*EXERCISE OBJECTIVE*: Please, from the entries below, transcribe exactly the lines that begin at the line with "10 Coffee Coaster" and end at the line with "Certified Pool Operator Study", without the pictures.

*DATA TO PROCESS*:
+ + +

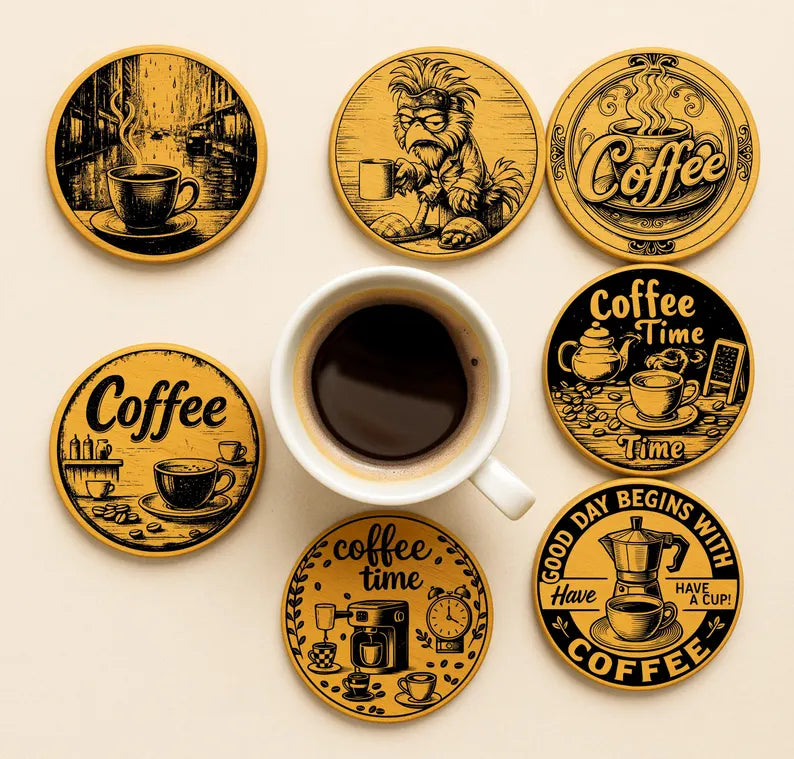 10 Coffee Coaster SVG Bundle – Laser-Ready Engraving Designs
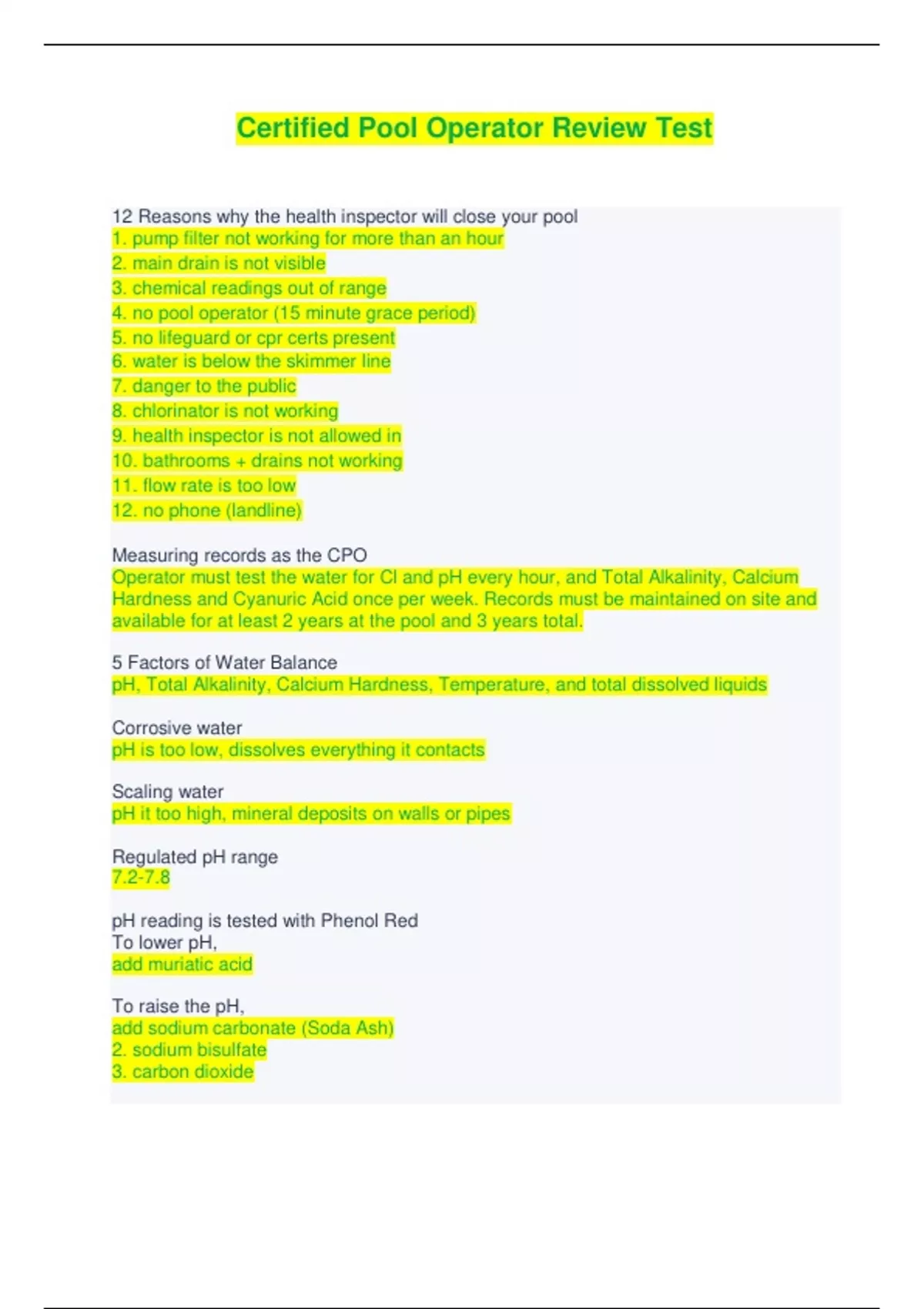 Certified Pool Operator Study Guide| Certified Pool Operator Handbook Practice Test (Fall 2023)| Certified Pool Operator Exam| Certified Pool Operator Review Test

+ + +

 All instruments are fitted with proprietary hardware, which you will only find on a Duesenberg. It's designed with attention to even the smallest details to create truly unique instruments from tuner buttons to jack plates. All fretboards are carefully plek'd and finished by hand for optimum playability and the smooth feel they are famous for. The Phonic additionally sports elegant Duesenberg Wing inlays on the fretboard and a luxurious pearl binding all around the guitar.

+ + +

*EXPECTED ANSWER*:
 10 Coffee Coaster SVG Bundle – Laser-Ready Engraving Designs
 Certified Pool Operator Study Guide| Certified Pool Operator Handbook Practice Test (Fall 2023)| Certified Pool Operator Exam| Certified Pool Operator Review Test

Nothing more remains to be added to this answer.